### Work request
From the line that holds "フロントとリアのスキーにはシ" down to the last line of the listing below, transcribe exactly and only those lines. Leave pictures out.

### Given material
--- --- ---

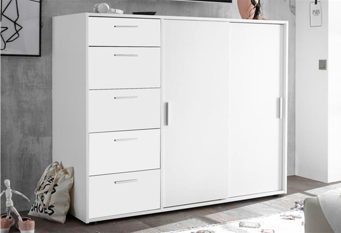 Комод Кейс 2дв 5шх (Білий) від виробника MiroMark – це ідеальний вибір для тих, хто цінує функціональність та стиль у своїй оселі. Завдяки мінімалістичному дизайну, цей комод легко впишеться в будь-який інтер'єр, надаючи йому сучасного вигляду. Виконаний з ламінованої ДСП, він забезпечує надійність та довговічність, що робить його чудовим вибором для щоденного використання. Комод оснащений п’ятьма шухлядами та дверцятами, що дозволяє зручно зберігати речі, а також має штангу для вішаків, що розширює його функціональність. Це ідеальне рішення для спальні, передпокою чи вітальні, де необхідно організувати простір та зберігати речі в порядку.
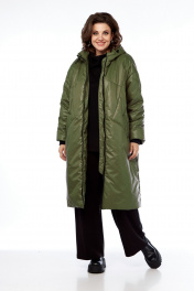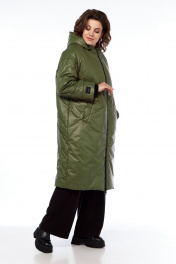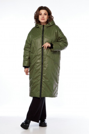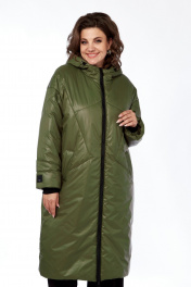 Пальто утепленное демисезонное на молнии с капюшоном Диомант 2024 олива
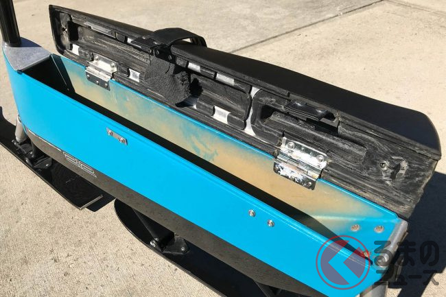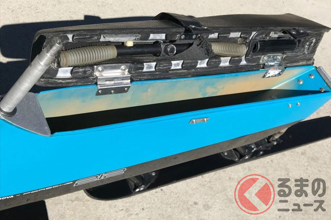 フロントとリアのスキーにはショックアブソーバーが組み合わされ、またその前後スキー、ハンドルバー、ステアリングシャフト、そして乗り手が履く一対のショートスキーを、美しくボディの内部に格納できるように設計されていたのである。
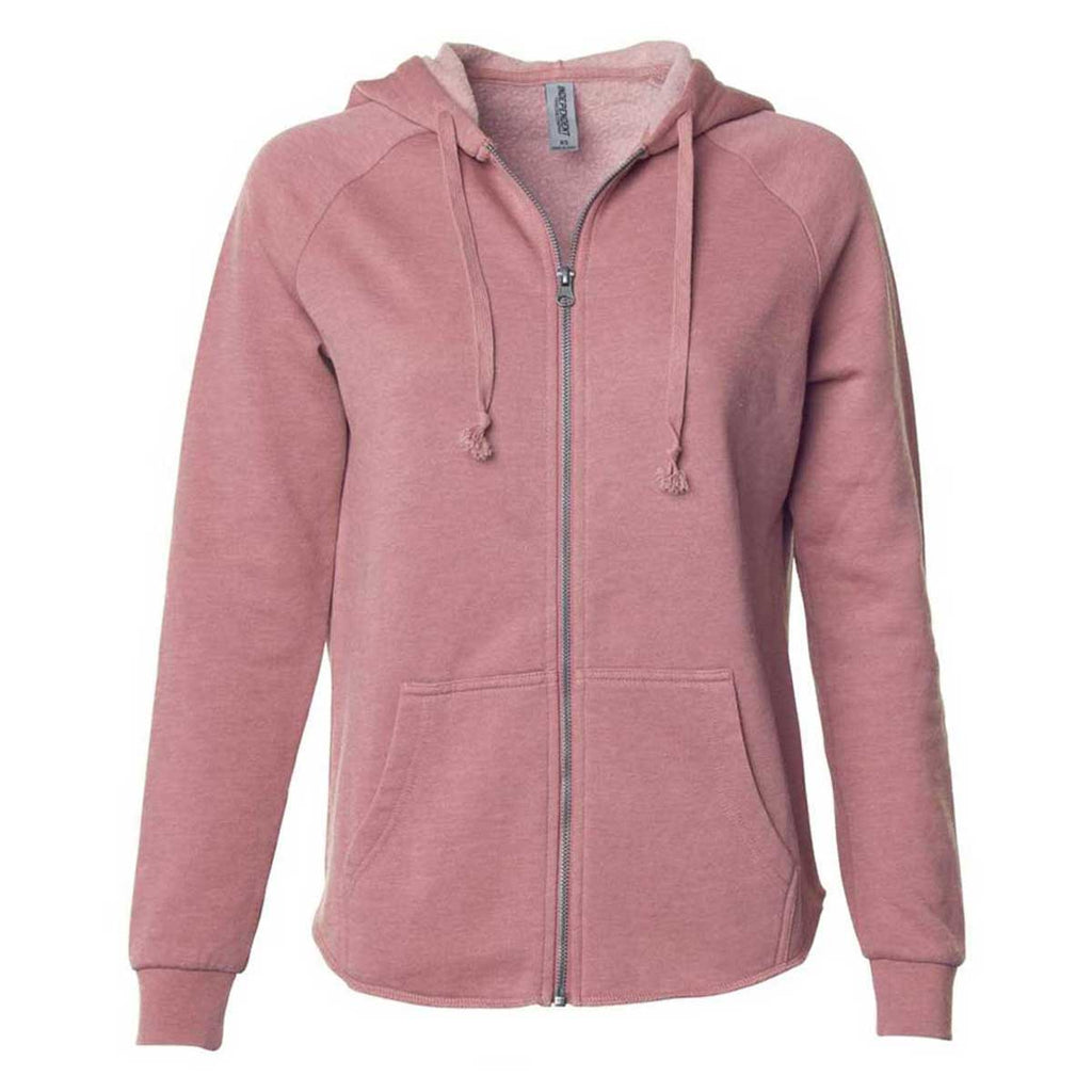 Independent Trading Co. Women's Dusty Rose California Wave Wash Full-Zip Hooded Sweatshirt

--- --- ---

### Reply
 フロントとリアのスキーにはショックアブソーバーが組み合わされ、またその前後スキー、ハンドルバー、ステアリングシャフト、そして乗り手が履く一対のショートスキーを、美しくボディの内部に格納できるように設計されていたのである。
 Independent Trading Co. Women's Dusty Rose California Wave Wash Full-Zip Hooded Sweatshirt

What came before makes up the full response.